# How do you plant "pearlgrass" Hemianthus micranthemoides?



## carlos05 (Aug 8, 2006)

just plant in the substrate. Even if only 1 or 2 leaves are above the substrate, as long as you have plenty of light, it will grow. You can also plant it horizontally under the substrate.


----------



## Syris (Jul 10, 2008)

So burying some of it under the substrate won't kill it? I was afraid it would so i thought maybe there was some special way to plant it.
Thx


----------



## kotoeloncat (Apr 12, 2006)

to get a good even growth, you would usually take each strand and plant them individualy.

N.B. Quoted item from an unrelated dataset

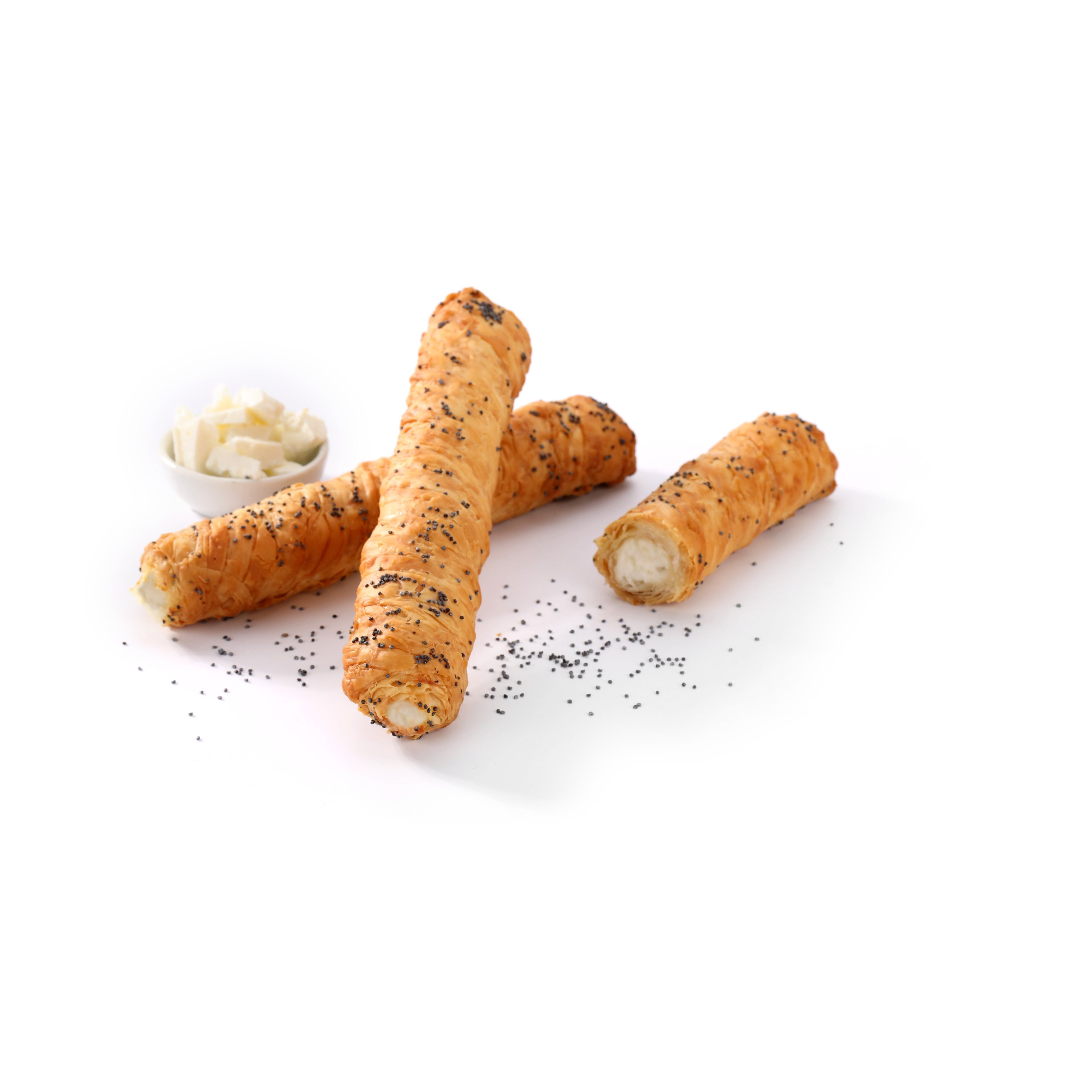 PŠENIČNÁ mouka, sýrová náplň (30%) (pitná voda, ricotta (30%) (syrovátka ((MLÉKO) (kráva, ovce, koza)), syrovátková smetana (MLÉKO), smetana (MLÉKO), regulátory kyselosti (kyselina mléčná, kyselina citronová)), mozzarella sýr (15%) (MLÉKO, jedlá sůl, regulátor kyselosti (kyselina citronová), syřidlo, mléčné kultury), sýr feta (11,5%) (ovčí MLÉKO, kozí MLÉKO, mléčné kultury, syřidlo, jedlá sůl), slunečnicový olej, modifikovaný škrob, sušený VAJEČNÝ bílek, jedlá sůl s jódem (jedlá sůl, jodičnan draselný)), slunečnicový olej, pitná voda, kukuřičný škrob, mák, jedlá sůl s jódem (jedlá sůl, jodičnan draselný), cukr, droždí.
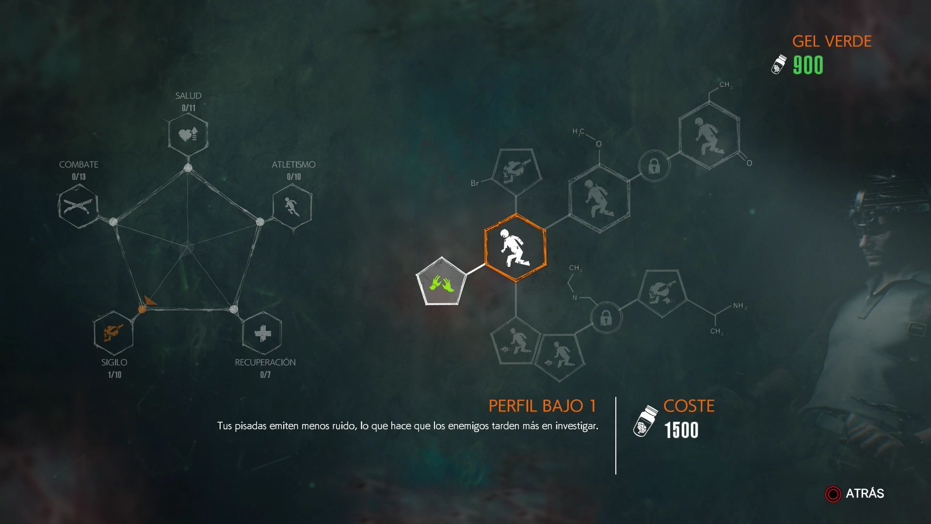 Tus pisadas emiten menos ruido, lo que hace que los enemigos tarden más en investigar.

but if you are impatient like I am, just stuff a few stems at a time into the substrate


----------



## NeonFlux (Apr 10, 2008)

checkerboard pattern will work for each batch


----------



## ccLansman (Jan 30, 2007)

use some long tweezers. I take a clump of the stuff and break it up into little pieces about the size of your pinky and plant them all around. If your realllllllly patient you can plant tiny strands all over the place. Like said above one or two leavs exposed is fine and as it grows it will work its way out of the substrate if your conditions are good. it needs HIGH light and GOOD co2 and GOOD nutrient conditions to grow. Miss one and the stuff will be alge covered or dead in a month.


----------



## Syris (Jul 10, 2008)

kotoeloncat said:


> ....but if you are impatient like I am, just stuff a few stems at a time into the substrate


Thats kinda how I ended up doing it, just shoved several stems into the substrate
Surprisingly ist doing pretty good with some decent growth already. Think I'm gonna trim the top though (getting too tall for a carpet) and replant in some of my bare spots I want covered.


----------



## phatpanduh (Feb 17, 2008)

ccLansman said:


> . it needs HIGH light and GOOD co2 and GOOD nutrient conditions to grow. Miss one and the stuff will be alge covered or dead in a month.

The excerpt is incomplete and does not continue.